Перевод В. Ивановой
ГЛАВА 1
Полночь миновала. Писатель по имени Сирак молча сидит за столом, уставившись в пустой лист бумаги. Нет мыслей, которые текут быстрой рекой, нет ярких слов и выразительных образов.
Ему кажется, что белый лист бумаги лениво дремлет, зевает, широко раскрывая рот, а пустые строки танцуют перед глазами, словно издеваясь над ним. Душа томится невысказанным, но… мучительно не пишется.
Сирак потирает лоб, виски, затылок. Чуда не происходит. Художественная правда не является. Слова не складываются во фразы, не заполняют пустых строк. Мысли где-то далеко, словно эхо в горах.

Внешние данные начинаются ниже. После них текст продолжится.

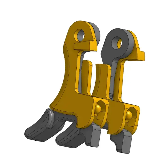 Originally, the joystick had a compression spring that sat between the plastic trigger paddle and the switch itself. The spring rested on the switch in such a way that as the spring was compressed, that compression would activate the switch at approximately half the throw of the trigger. I maintained that functionality with the wraparound nub shown here in the CAD image. The original stick had an extension of the trigger arm that would simply press the 2nd switch when pulled far enough. In my new design, that became a separate trigger arm that sat within the primary trigger (shown here in grey). It was held in the forward position by a 4mm spring that was sandwiched between the two stages.

— Кто заставляет меня заниматься этим? — с досадой подумал Сирак. — Может, ревнивые ангелы вырвали у меня из рук факел творчества за то, что я слишком самонадеян, замахнулся на посильное только самому создателю?! Ну что ж! Я поздравляю их с успехом! Пусть простирают они свои крылья повсюду в небе, играя на флейтах и танцуя! Пусть сразятся они с войском сатаны, если пожелают, и прольют на землю кровавый дождь. Пусть искры их скрестившихся мечей затмят солнце и сделают его похожим на слабый светильник. Пусть меч святого Михаила, который промахнулся и не смог отрубить голову сатаны, разрубит пополам луну. Пусть копыта их лошадей топчут звезды, и пусть звезды, подобно каплям росы, опадут на землю. Пусть содрогнется мир от неслыханного доселе грома и наступит конец света!..
За окном дует сухой сильный ветер. Стонет и завывает. Рвет жестяные заборы, срывает с петель поломанные двери, рушит ветхие стены домов. Уж не вестник ли он грядущего светопреставления?

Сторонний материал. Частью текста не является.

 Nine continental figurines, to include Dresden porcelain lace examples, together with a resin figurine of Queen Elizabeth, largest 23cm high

Надрывно воет собака в соседнем дворе. Она мерзко скулит, не лает, как все собаки. От ее страшного, какого-то потустороннего, как у гиены, воя замирает сердце.
В соседнем домишке — жестяной хибарке — живет больная старуха. Она тяжело кашляет, сотрясаясь всем телом, кажется, слышишь, как гремят ее старые кости. Сухой кашель не затихает ни на минуту, бьет старуху так, что она начинает задыхаться.

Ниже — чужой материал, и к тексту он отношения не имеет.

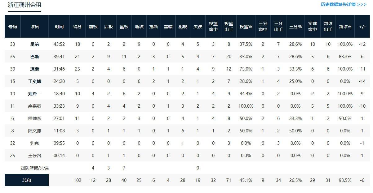 浙江稠州金租达米安-琼斯25分6板1断1帽,帕里斯-巴斯21分11板2助3断,吴前18分2板9助;

Все вокруг кашляет и страдает вместе с этой старухой. Все воет вместе с соседской собакой, свистит вместе с ветром, грохочет вместе с небом, чихает вместе с писателем, храпит вместе с его женой и сладко посапывает во сне вместе с его маленьким сынишкой.
Вот проснулась жена — Цегие Хайле Марьям. Вошла в комнату. Сирак взглянул на нее, она — на него. Оба молчат. Косынка сползла с ее черных гладких волос. Никогда не держится на голове. Цегие вовсе не темнокожа, но сейчас, при тусклом свете лампы, она показалась ему почти черной. Глаза ярко блестят — огромные, как у святых на иконах. Она постояла немного и, ничего не сказав, снова ушла в спальню. Сирак в душе позавидовал тем, кто может спокойно спать ночью, и пожелал ей хороших сновидений.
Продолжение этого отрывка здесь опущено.